• **Data section**:

────────────────────

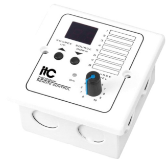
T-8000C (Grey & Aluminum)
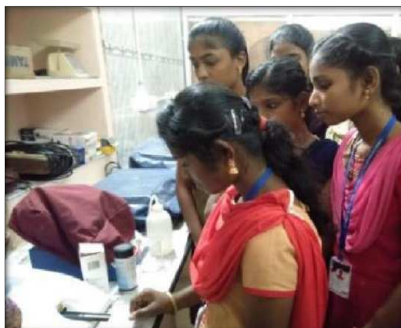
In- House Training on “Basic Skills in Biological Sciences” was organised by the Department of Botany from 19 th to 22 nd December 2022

────────────────────

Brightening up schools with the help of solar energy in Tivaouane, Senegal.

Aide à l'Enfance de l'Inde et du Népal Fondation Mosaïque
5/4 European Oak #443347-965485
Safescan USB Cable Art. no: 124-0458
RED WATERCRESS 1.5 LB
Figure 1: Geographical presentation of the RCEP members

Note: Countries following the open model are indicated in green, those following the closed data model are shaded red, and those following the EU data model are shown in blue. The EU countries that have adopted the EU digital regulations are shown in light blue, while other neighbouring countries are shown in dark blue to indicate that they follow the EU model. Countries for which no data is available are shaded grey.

────────────────────

• **Exercise details**:
Reproduce exactly, with no pictures, the lines above from the one holding "T-8000C (Grey & Aluminum)" to the one holding "In- House Training", inclusive.

• **Your response**:
T-8000C (Grey & Aluminum)
In- House Training on “Basic Skills in Biological Sciences” was organised by the Department of Botany from 19 th to 22 nd December 2022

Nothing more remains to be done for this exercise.